When Jesus therefore saw her weeping, and the Jews also weeping which came with her, He groaned in the spirit and was troubled,

And said, "Where have ye laid him?"  They said unto Him, "Lord, come and see."

Jesus wept.

Then said the Jews, "Behold how He loved him!"

And some of them said, "Could not this Man, which opened the eyes of the blind, have caused that even this man should not have died?"

Jesus, therefore again groaning in Himself, cometh to the grave.  It was a cave, and a stone lay upon it.

Jesus said, "Take ye away the stone."  Martha, the sister of him that was dead, saith unto Him, "Lord, by this time he stinketh, for he hath been dead four days."

Jesus saith unto her, "Said I not unto thee that if thou wouldst believe thou shouldst see the glory of God?"

Then they took away the stone from the place where the dead was laid.  And Jesus lifted up His eyes and said, "Father, I thank Thee that Thou hast heard Me.

And I knew that Thou hearest Me always, but because of the people which stand by I said it, that they may believe that Thou hast sent Me."

And when He thus had spoken, He cried with a loud voice, "Lazarus, come forth!"

And he that was dead came forth, bound hand and foot with graveclothes, and his face was bound about with a napkin.  Jesus saith unto them, "Loose him, and let him go."

[John 11:30-44]

 

Which is one of the tremendous miracles of all time.  The Lord God that could do that could do anything. 
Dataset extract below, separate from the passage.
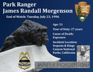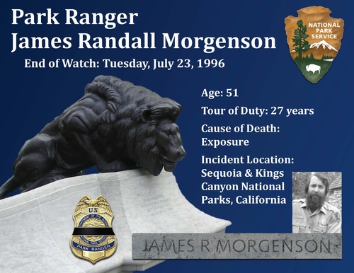 "Ranger James (Randy) Morgenson drowned after being swept over a waterfall while on a backcountry patrol in Sequoia-Kings Canyon National Park, California. Other rangers began to search for him after he failed to check in with dispatch at the regular time following the first day of the patrol. Despite an exhaustive search, his remains were not found until July 2001, nearly five years after he went missing. The investigation indicated that he likely fell through a snow drift and broke his leg while crossing a creek, dying of associated injuries and hypothermia. His remains were washed down the creek and into a small cascade where they were hidden in the rocks for years. Ranger Morgenson had served with the agency for 27 years. He was survived by his wife." www.odmp.org/officer/16221-park-ranger-james-randall-randy-morgenson

            "Lord, by this time he is decayed.  Corruption and putrefaction are multiplied and run riot for he hath been dead four days" [John 11:39].  Jesus saith unto her, "Said I not unto thee, that, if thou wouldst believe, thou shouldst see the glory of God?" [John 11:40].  We are to speak tonight of that tremendous miracle which Jesus said God had already heard and had given Him power through the Holy Spirit to perform, and He thanked God beforehand before it came to pass: "Father, I thank Thee that Thou hast heard me" [John 11:41] past tense. "And I knew," past tense, "that Thou hearest Me always" [John 11:42].  Thank Thee, Lord, for the moving power of the Spirit of God.

This great miracle that Jesus was to do, this wonder He was to perform, this sign He was to accomplish, there was just one thing that lay between Jesus and the accomplishment of that incomparable miracle, and the Bible describes it:  He was buried in a cave, and a stone lay upon it [John 11:38].  Jesus said, "Take ye away the stone [John 11:39].  Take ye," you, "take away the stone, and we shall see the glory of God" [John 11:39-40].  We shall see the dead raised up.  We shall see death rolled back and life come in [John 11:23-27].  "Take ye away the stone" [John 11:39].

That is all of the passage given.